The purpose of this study is to use the newly available USCS database and stratify the data into SEER areas and non-SEER areas, to determine to what extent the SEER registries are generalizable to the nation, and in which dimensions they are not fully generalizable. Specifically, this paper provides an update and current comparison of the cancer cases, demographics, socioeconomic factors, and data quality in SEER areas as compared with the rest of the USA. For the cancer case comparison, we examined the comparability of late-stage cancer diagnosis, focusing on BC and CRC, the two cancers that are preventable through screening but remain among the top four most commonly diagnosed cancers in the USA [19]. We also compared population demographics and socioeconomic factors in SEER and non-SEER areas. For dimensions of data quality, we focus on the key components of (1) completeness of case ascertainment and (2) missing data on race, sex, and age. This study answers the following questions: Are the SEER registries representative of the US cancer population in terms of late-stage BC and CRC diagnoses? Are they representative of the current socioeconomic and demographic characteristics which underpin the observed health outcomes in national statistics? Is the data quality comparable between SEER registries and the rest of the registries in the USA?

Methods

Study sample

We obtained data from the USCS Restricted Access Dataset and selected people of all ages with a first breast or colorectal cancer diagnosed in 2004–2009. BC was identified by the third edition of International Classification of Diseases for Oncology (ICD-O-3) code of C50, and CRC was identified by the ICD-O-3 codes of C18, C19.9, C20.9, and C26.0 [20]. The dataset was prepared by NCHS, whereby BC or CRC that is not the primary cancers, records with unknown cancer stage or unstaged cancer in the SEER summary stage variable, and missing data in age, race, or gender were excluded. From this dataset, we further excluded records when diagnosis was by autopsy or from death certificates (<1 % of all cases). For BC, we also excluded males. Using the SEER summary stage 2000 variable provided in the USCS database, we coded regional or distant diagnosis as late stage, and in situ or localized diagnosis as early stage. We then created a binary indicator for each individual specifying whether their cancer was diagnosed at a late stage or not.

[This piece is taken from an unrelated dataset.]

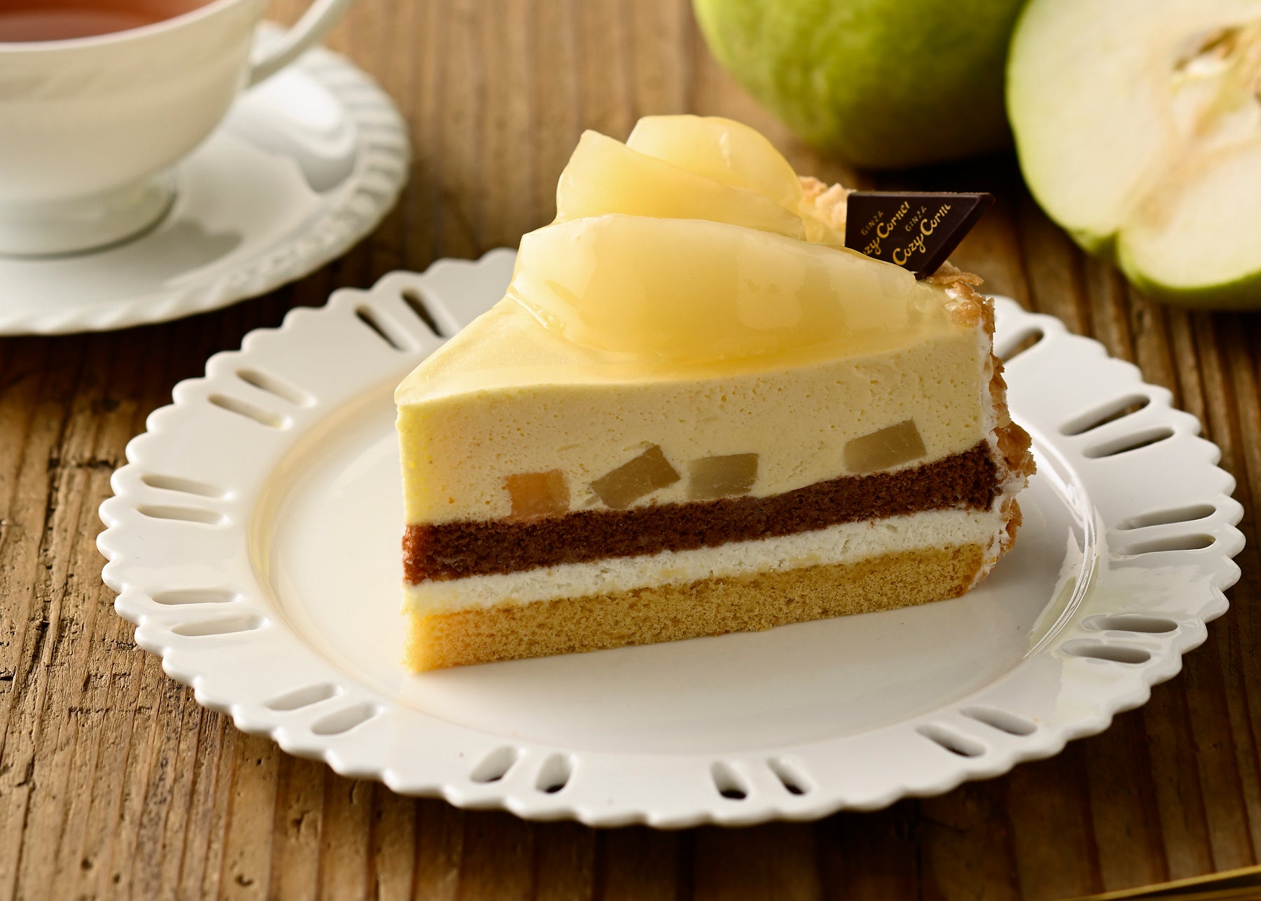 洋梨の上品な甘みと香りを楽しめる季節限定のショートケーキです。洋梨と相性のよい、キャラメルスポンジとチョコスポンジに、洋梨のクリームと、洋梨の果肉入りムースを重ね、洋梨をたっぷりと飾りました。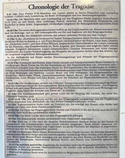 Die Unglücksmaschine, eine Fokker F 50 der Luxair, war um 8.43 Uhr vom Berliner Flughafen Tempelhof gestartet und hätte um 10.15 Uhr in Luxemburg landen sollen. Gegen 10.10 Uhr stürzte sie, während sie eine Warteschleife flog, zwischen den Ortschaften Niederanven und Roodt/Syr in einem Acker ab. An Bord waren 19 Passagiere und 3 Besatzungsmitglieder.

Definition of SEER and non-SEER areas

Three states (Kansas, Maryland, and Minnesota) were not present in the USCS database over the timeframe of this study. We excluded an additional state, Virginia, because data were not available until 2007. Among the included 46 states, 10 are completely covered by SEER registries (HI, CA, UT, NM, IA, KY, GA, CT, NJ, and LA) and two others (WA and MI) have partial coverage over some counties by SEER registries (including Clallam, Grays Harbor, Island, Jefferson, King, Kitsap, Mason, Pierce, San Juan, Skagit, Snohomish, Thurston, and Whatcom counties in WA; Macomb, Oakland, and Wayne counties in MI). To provide a clear comparison for the population characteristics between SEER and non-SEER areas, we focused on the SEER areas that represent entire populations; thus, the SEER registries in Alaska, Oklahoma, and Arizona that cover native Americans and Alaska Natives only were not counted as ‘SEER areas’ in our study. Therefore, we define SEER areas as the above-mentioned 10 SEER states and the counties of WA and MI that are covered by SEER registries. The rest of the nation’s counties were defined as non-SEER areas. Figure 1 shows the geographic areas of the SEER and non-SEER areas in this study. We assigned cancer patients to the appropriate group based on their county or state of residence at the time of diagnosis.

Fig. 1
figure 1

SEER areas and non-SEER areas in the USA

To assess the representativeness of SEER registries for the nation, we first compared the similarity of cancer burden between SEER and non-SEER areas. Specifically, we compared the proportions of late-stage BC and CRC diagnosis between SEER and non-SEER coverage areas, across subgroups of age and racial or ethnic groups. We defined five age groups (age <40, 40–49, 50–64, 65–74, and 75+) and five racial or ethnic groups (white, African-American, Asian, Hispanic, and other). We also provided comparisons for each racial or ethnic group by the five age groups.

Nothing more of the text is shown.